Raw data:
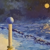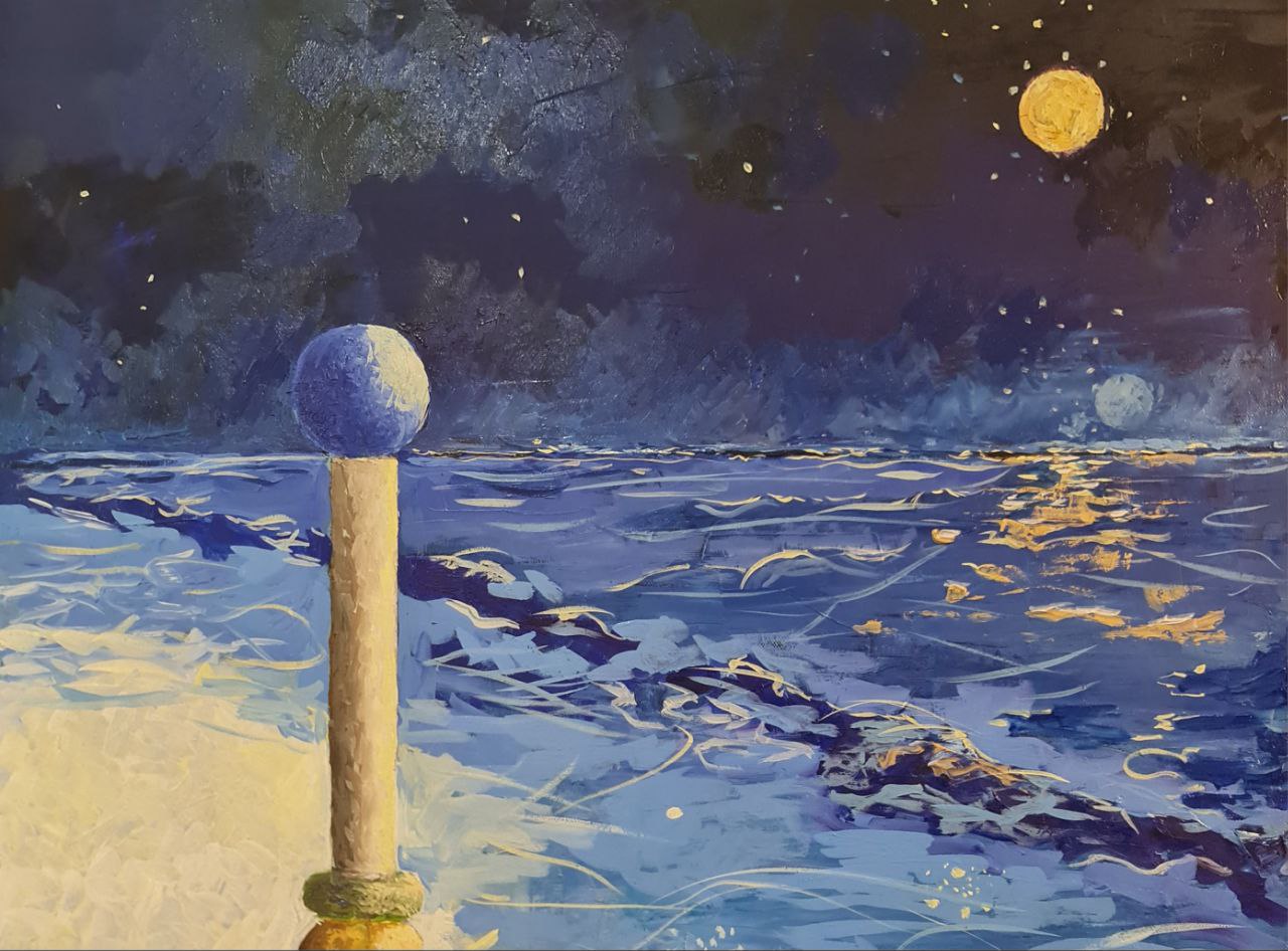 The color palette of the work is saturated with blue, purple and gold tones, creating a balance between the cold calm of space and the warmth of light. The painting evokes a sense of peace and mysticism, inviting each viewer to see in it their own story and interpretation.
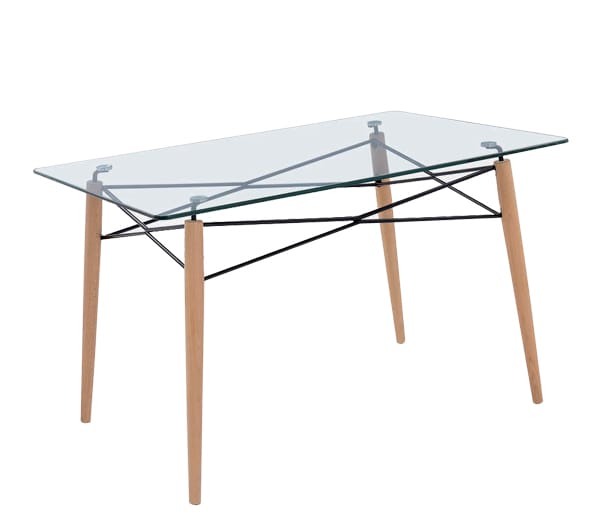 ART Wood Τραπέζι Κουζίνας Τραπεζαρίας, Οξιά Φυσικό, Επιφάνεια Γυαλί
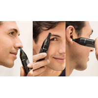 Nenä-, korva- ja kulmakarvatrimmeri on suunniteltu turvallisuus ja käyttömukavuus huomioiden. Teränsuojusjärjestelmä takaa siistin tuloksen ilman nykimistä ja se peittää terät siten, että ne eivät kosketa ihoa.
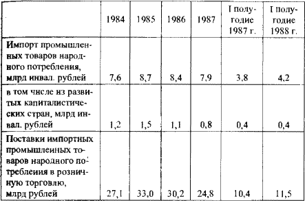 Взаимосвязь расстройства финансовой системы, денежного обращения и нарастание дефицита товаров на потребительском рынке в какой-то степени становится понятной советскому руководству лишь в конце 1988 г.[357] Все это происходит в момент, когда финансы и потребительский рынок страны развалены.
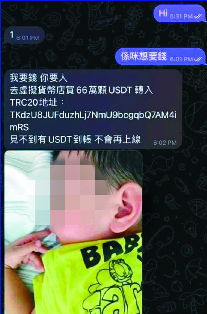 Another screen capture of a Telegram chat box showed the demand of the kidnappers, who wanted US$660,000 (HK$5.15 million) worth of Tether coins and stated: "I will not be online again until the USDT is transferred to the account."The request was sent with a close-up photo of a child sleeping.
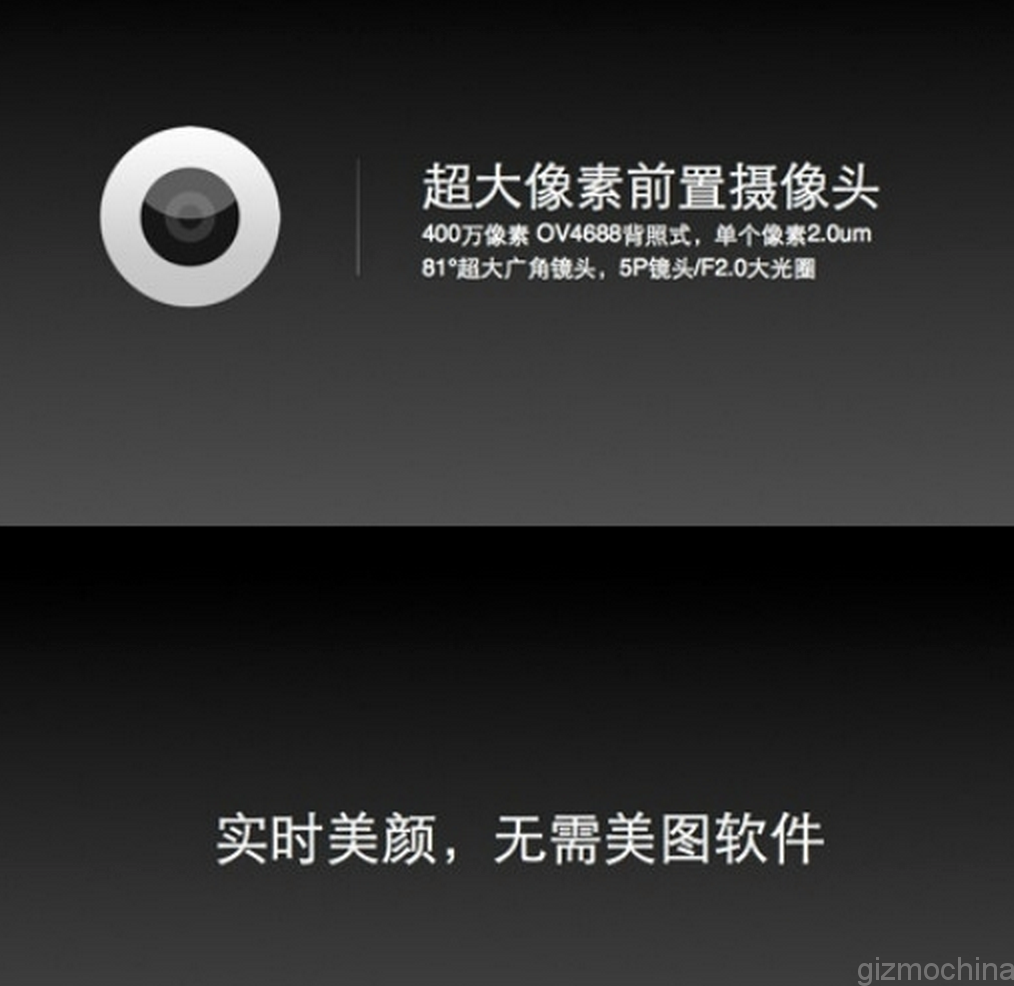 It uses OV4688 4mp front camera with a large F/2.0 aperture and 2.0um pixels, 81 degrees super wide angle 5P lens. On the back there is Sony’s 13MP sensor with optical image stabilisation and dual tone dual LEDs.
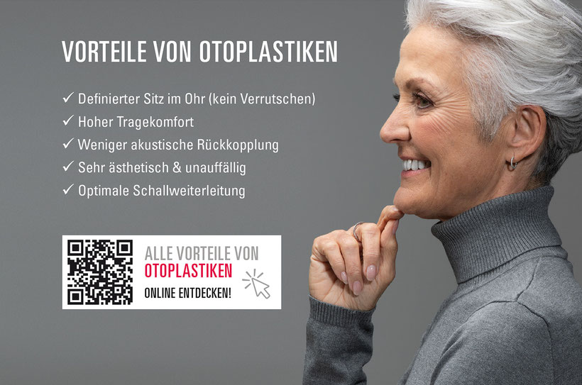 Vorteile maßgefertigte Otoplastiken für Hörgeräte, bieten optimalen Tragekomfort und Klangqualität, da sie genau auf die Ohrform abgestimmt sind. Sie sind leicht, sicher im Ohr sitzend, und können individuell in Farbe und Design angepasst werden.
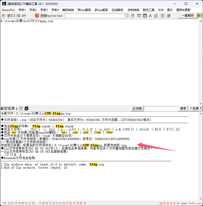 下载一个压缩包是一个伪加密,随波逐流可以直接解

Exercise details: Print all of the entries word for word. Omit the pictures they contain.

Written answer:
 The color palette of the work is saturated with blue, purple and gold tones, creating a balance between the cold calm of space and the warmth of light. The painting evokes a sense of peace and mysticism, inviting each viewer to see in it their own story and interpretation.
 ART Wood Τραπέζι Κουζίνας Τραπεζαρίας, Οξιά Φυσικό, Επιφάνεια Γυαλί
 Nenä-, korva- ja kulmakarvatrimmeri on suunniteltu turvallisuus ja käyttömukavuus huomioiden. Teränsuojusjärjestelmä takaa siistin tuloksen ilman nykimistä ja se peittää terät siten, että ne eivät kosketa ihoa.
 Взаимосвязь расстройства финансовой системы, денежного обращения и нарастание дефицита товаров на потребительском рынке в какой-то степени становится понятной советскому руководству лишь в конце 1988 г.[357] Все это происходит в момент, когда финансы и потребительский рынок страны развалены.
 Another screen capture of a Telegram chat box showed the demand of the kidnappers, who wanted US$660,000 (HK$5.15 million) worth of Tether coins and stated: "I will not be online again until the USDT is transferred to the account."The request was sent with a close-up photo of a child sleeping.
 It uses OV4688 4mp front camera with a large F/2.0 aperture and 2.0um pixels, 81 degrees super wide angle 5P lens. On the back there is Sony’s 13MP sensor with optical image stabilisation and dual tone dual LEDs.
 Vorteile maßgefertigte Otoplastiken für Hörgeräte, bieten optimalen Tragekomfort und Klangqualität, da sie genau auf die Ohrform abgestimmt sind. Sie sind leicht, sicher im Ohr sitzend, und können individuell in Farbe und Design angepasst werden.
 下载一个压缩包是一个伪加密,随波逐流可以直接解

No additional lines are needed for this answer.